Last Updated: 16 July 2015

Admission ceremony speech 2015

We welcome you to the Banco Court and congratulate you upon your admission as legal practitioners. You are entitled to savour this moment. It is a substantial achievement to complete your tertiary legal qualifications, to fulfil the additional requirements for admission as a legal practitioner, and to have that recognised by the Supreme Court.

We also warmly welcome your family and friends to the Banco Court. They are entitled to share your sense of achievement. I hope it doesn’t frighten them to suggest that you will probably continue to look to your family and friends for inspiration and support as you face the inevitable demands of your new careers.

The Court is confident that you know that your admission is a privilege which carries with it important obligations. Foremost amongst those obligations are your ethical duties. If you practise as a solicitor or barrister you will owe important obligations to your clients. But whether or not you practise as a lawyer, you now owe strict and inflexible ethical duties to the Court. Your ethical duties to the Court take precedence over any obligations you owe to a client, an employer, or anyone else.

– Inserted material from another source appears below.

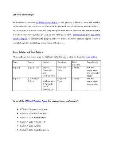 JEE Main Sample Paper PowerPoint PPT Presentation
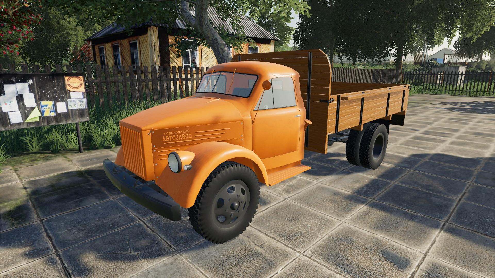The mod includes: GAZ-51 modular: – Power: 51 kW / 70 hp .; – Speed: 70 km / h; – The volume of the fuel tank: 90 l.; – Cost: 20 240 €; – The choice of the main color; – Choice of rim color; – Working lighting; – Working dashboard; – Working mirrors; – leaves traces; – It also catches modules from the GAZ-53 Pak. Body module: – Cost: 4 800 €; – The choice of the main color; – Working lighting; – Volume: 3 000 liters.

Stick to the letter and spirit of all of your ethical duties through thick and thin, regardless of any short term pressures to the contrary. The most important reasons for doing so may be respect for the law and your own self-respect, but long experience teaches that an honest and ethical professional life coincides with self- interest; the straight and narrow path ultimately leads to the respect of colleagues and clients, enhancing your personal and professional reputation.

One reason for you to celebrate your admission may be an increase in your income. There is nothing wrong with aspiring to earn a good income for your professional hard labour, but we hope that you will always keep in mind that service to the public is of the essence of the legal profession.

An independent legal profession is essential for the maintenance of the rule of law. As the size and complexity of our society has grown, the common law of Australia has been modified, supplemented, and in some cases supplanted by legislation of the Federal and State parliaments and local governments. Some legislation, like much of the common law, is easily understood, but the web of regulations which governs us is now extensive and intricate. You already will know some of this law and, by assiduous attention to your continuing legal education, you will learn a great deal more in the years to come. By a dedicated approach to your work you can therefore assist in making good one of the fundamental assumptions upon which our democracy is based, that we can know the legal rules which we are obliged to obey.

However, legal work, especially litigation, can be very labour intensive. Lawyers’ fees are often out of the reach of many. Unfortunately legal aid is available to few. It is therefore pleasing to record that the Court very frequently sees respected legal practitioners devoting substantial time and expertise to giving legal assistance to those who cannot afford to pay a fee. This is not a complete solution to the problem, but it is meritorious and important. Hopefully you will adopt the same public spirited approach to your profession.

I do not for a moment suggest that a lawyer’s paid or charitable contribution to society is intrinsically more important than the similar contributions by others. But sometimes the work of lawyers is unfairly devalued by the suggestion that it is not constructive. If that ever concerns you, recall Sir Owen Dixon’s response to that criticism. He said of lawyers that “[i]t is not their business to contribute to the constructive activities of the community, but to keep the foundations and framework steady”.[1] It is impossible to regard that as unimportant work.

This is an important day for you. If my own experience is any guide, you will always recall your admission with pleasure. I hope that you do, despite having to put up with a judge telling you what you already know.

We again congratulate you upon your admission and extend our best wishes to you and your supporters.

Adjourn the court to ....

[1] Address upon taking the oath of office in Sydney as Chief Justice of the High Court of Australia on 21st April 1952. (Jesting Pilate at 249.)